A few months back we launched a site redesign/redevelopment project for a client, and made a simple mistake that had some interesting ramifications. It’s worth posting here so others don’t make the same mistake.
What Happened
When redeveloping the site, we moved the WordPress instance from the web root:
/public_html/wp-config.php
/public_html/wp-includes/
/public_html/…
to a subdirectory within the web root:
/public_html/wordpress/wp-config.php
/public_html/wordpress/wp-includes/
/public_html/…
I consider this to be a best practice for WordPress powered sites, as it makes version upgrades a bit easier (among other things).1 Some plugins don’t work well with symlinked “plugins” directories, but those generally have easy fixes (use ABSPATH, not dirname() in your plugin).
These changes were made and thoroughly tested on our dev server with historical data. We then made the changes in a staging environment under a beta.example.com style domain name before pushing the changes live. In short, we were pretty careful and tested pretty well.
The Result
When we finally pushed everything live, the production server was brought to its knees. Yikes!
A little poking around, some bug reports, and very shortly thereafter we figured out the problem. We had failed to set up a rewrite rule to map content from:
/wp-content/uploads/
to:
/wordpress/wp-content/uploads/
where it was now located.
An omission like this wouldn’t have had much effect on server load in some site configurations, but one of the wonderful features of WordPress – its lovely permalinks – has a hidden caveat that can be exposed if someone makes a configuration mistake (like we did).
WordPress’s permalink system basically works like this:
- See if a file exists in the location that was requested; if the file exists, serve it. This is how images, media, non-WordPress files, etc. are served without conflicting with WordPress.
- If no file is found at the location that was requested, then pass the URL to WordPress and see if WordPress can figure out what to show.
It’s a really elegant system and works very well. However, it also means that 404 requests – http requests that result in a “file not found” message – have a much higher impact on the server than a traditional 404 request does. For every 404, the server instantiates WordPress, does some database work to try to see if it can figure out what to serve, etc.
When we didn’t set up proper redirects for the content in “uploads”, we basically increased the server load by a factor of 20. Instead of a single request going to WordPress and 20 requests serving static content by Apache, all 21 requests were being sent to WordPress.
The increased load on the server had some… adverse effects on performance. Yeah.
Why We Missed It
So this should be a pretty easy thing to catch, right? If the URLs to the images are broken, we’d all be seeing a bunch of broken images all over the place in our testing – right?
Not exactly, and for two different reasons:
- When we tested on the production server using the beta.example.com hostname, the content was still pointing to example.com and the live production server was dutifully serving the images. It wasn’t until we pushed the changes live that the images were no longer at the previous URLs.

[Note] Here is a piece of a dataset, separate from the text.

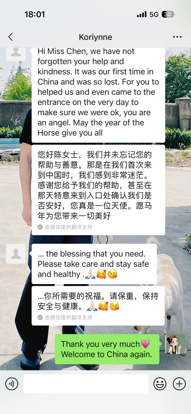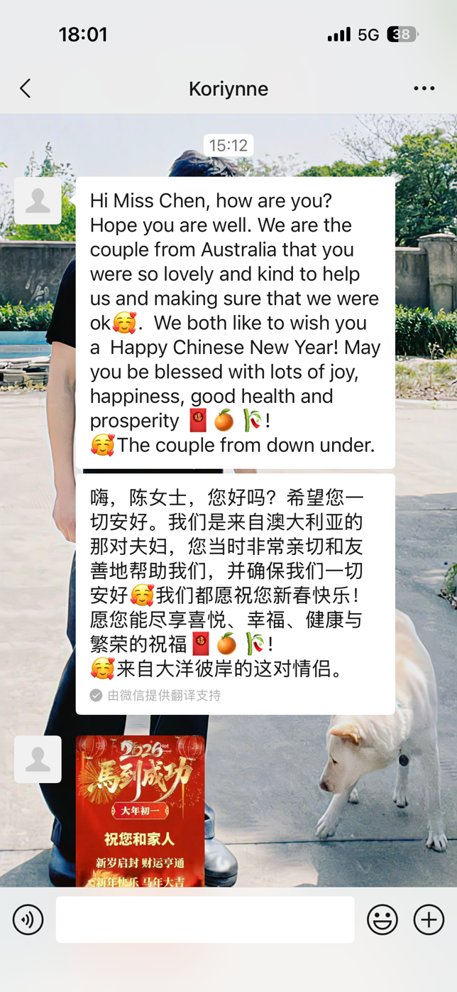 这份贴心的帮助让这对澳大利亚夫妇记了许久。为表示感谢,他们特意注册了微信,在中国新春佳节时发来祝福,称她是“降临身边的天使”,祝愿她在马年喜乐安康、万事顺遂。收到祝福后,陈佩佳也向夫妇俩送上了新春回礼,热情邀请他们再次来华旅行。

- Even when the images were no longer in the proper place, our browsers that we were testing in were showing the images properly. This was due to longer expires headers we had just implemented for media on the server in order to reduce overall server load. In casual testing, everything looked to us to be working properly.
Once we tested in browsers that didn’t have the images cached, we immediately saw the problem.
Easy Fix
Luckily, this is a really easy problem to fix. A simple mod_rewrite rule (placed before the standard WordPress rewrite block) fixed everything right up:
RewriteRule ^wp-content/uploads/(.*)$ /wordpress/wp-content/uploads/$1 [L,R=301]
(alternate code, improvements to syntax welcome)
With this in place, the old URLs were redirected to the new location and no longer were spinning up WordPress on every image request.
Hopefully this will be useful to people who might be doing something similar, or who have made the same mistake and are looking to recover from it. 🙂
- Corey has a nice writeup on the file structure he uses. [back]
Interesting observation about the 404 and load relationship.
On a side note, wouldn’t have been easier if you just modified the virtual host configuration of the webserver to make public_html/wordpress the new document root, rather than publishing the blog in a subdirectory of the main domain and have to remap everything ?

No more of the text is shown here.